GFED5.1 fire emissions reveal a positive trend in fire-emitted black carbon (BC) and CO2 across the high-elevation Himalayan region. Figure 2a,b show the spatial distribution of mean BC and CO2 emissions, overlaid with the 1 km elevation contour (red). Trend analysis for 2001–2022 indicates an increase of about 1.5 kg month−1 year−1 in BC emissions and 5800 kg month−1 year−1 in CO2 emissions from fires across the Third Pole region, suggesting increasing fire activity and fire-related emissions at higher elevations (Figure 2c,d).
Figure 2. (a,b) Mean BC and CO2 emissions from 2001 to 2024 over the third Pole region, with the 1000 m elevation contour shown in red. (c,d) Annual mean BC and CO2 emissions for grid cells ≥ 1000 m elevation, showing the linear trend.
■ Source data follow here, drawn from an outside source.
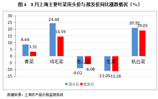 . 根据上海市农产品价格监测系统的数据采集及汇总情况来看:上海市8月蔬菜月均田头价3.52元/公斤,环比上涨28.47%、同比上涨12.82%;蔬菜月均批发价4.75元/公斤,环比上涨24.67%、同比下跌0.42%。主要的五类叶菜田头价与批发价监测数据对照情况如下:文章源自:上海蔬菜食用菌行业协会 Shanghai Vegetable & Edible Fungi Industry Associatio上海蔬菜食用菌行业协会-https://www.shsjx.org.cn/16058.html
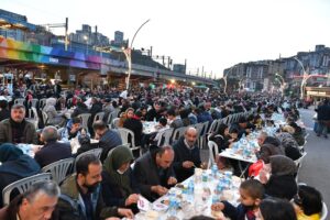 Salgınla birlikte ara verilen ve 2 yılın ardından kurulan 6 bin kişilik iftar sofrasında eller “birlik, beraberlik” için açıldı. Dualar edildi, iftar coşkusu Mamak’ı sardı.
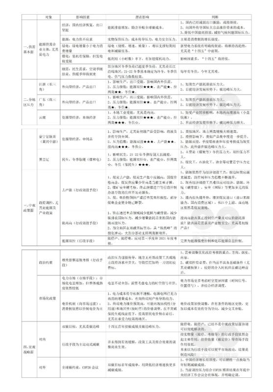 綜上,區(qū)域差異方面,各地壓力指數(shù)不同,冬季保供(電、煤、氣)、去產(chǎn)能、控兩高、能源雙控及組合效果對各地影響差異較大??傮w上,江浙、廣東、內(nèi)蒙等地壓力更大;能源雙控是既有政策,主要作用于消費(fèi)側(cè),總體影響較去產(chǎn)能低,東北三省、湘鄂贛渝等地的電、煤冬季保供壓力較大。
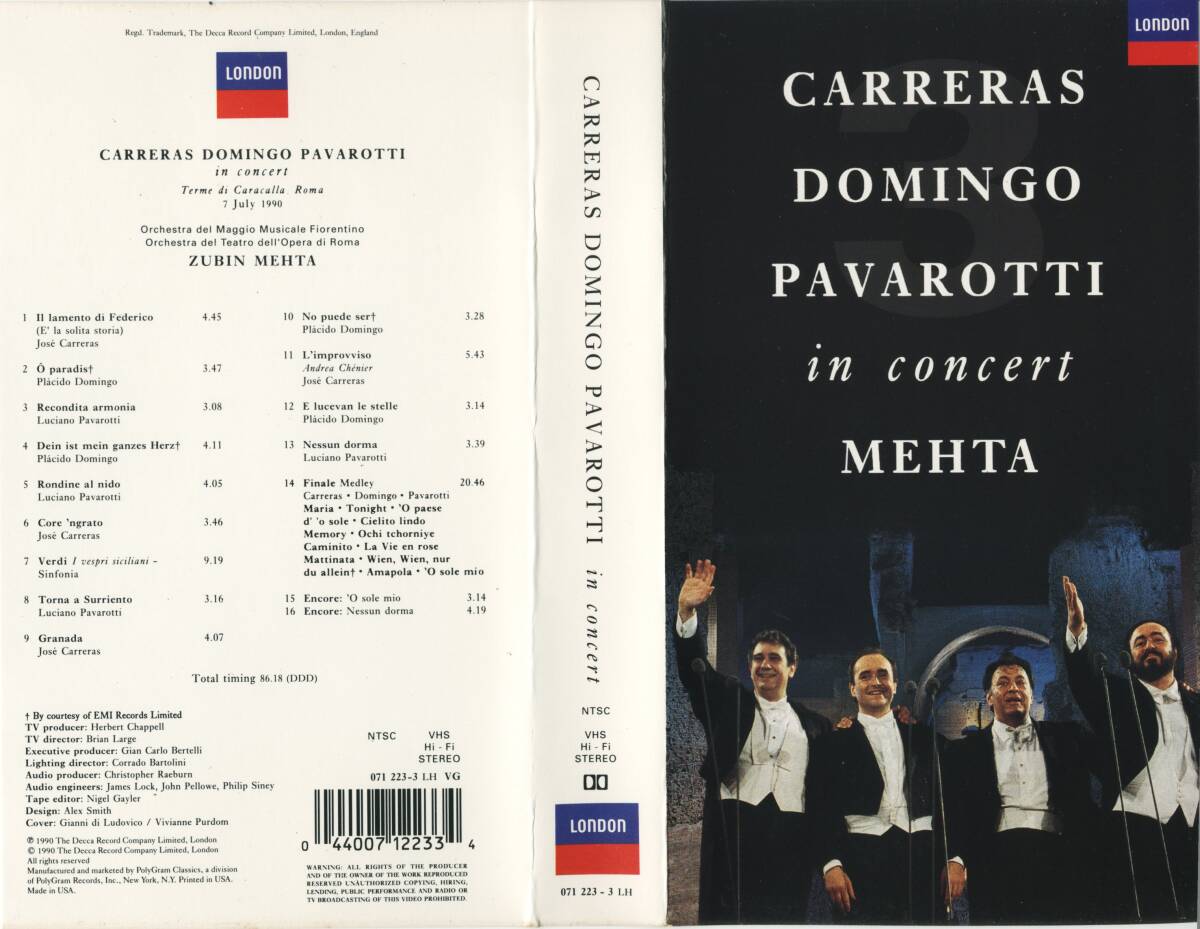 - 送料310円◆VHSビデオ 三大テノール伝説のコンサート・イン・ローマ 1990◆カレーラス ドミンゴ パヴァロッティ出演

Analyses of MODIS and VIIRS active fire observations over the Third Pole region identified more than 4 million fire events during October 2010–September 2020. Among these, approximately 848,000 events were detected at elevations ≥ 1000 m, demonstrating substantial fire activity in high-elevation environments. Figure 3a presents the monthly mean distribution of fire occurrences across the study period. Fire activity at elevations ≥ 1000 m was most pronounced during the pre-monsoon season (March–May), coinciding with reduced precipitation and elevated surface temperatures. These meteorological conditions are conducive to fuel desiccation and, consequently, to enhanced fire occurrence [2]. The diurnal variation in fire detections exhibits a bimodal pattern, although this feature is partly influenced by the temporal sampling of satellite overpasses. Two prominent peaks are evident: one near 06 UTC (11:00–13:00 local time) and another around 19 UTC (01:00–03:00 local time) (Figure 3b). The daytime maximum is consistent with enhanced surface heating and lower fuel moisture during midday hours. In contrast, the nighttime peak may reflect a combination of factors, including satellite observation timing, anthropogenic influences, and continued fire persistence under relatively stable nocturnal atmospheric conditions (Figure 3b).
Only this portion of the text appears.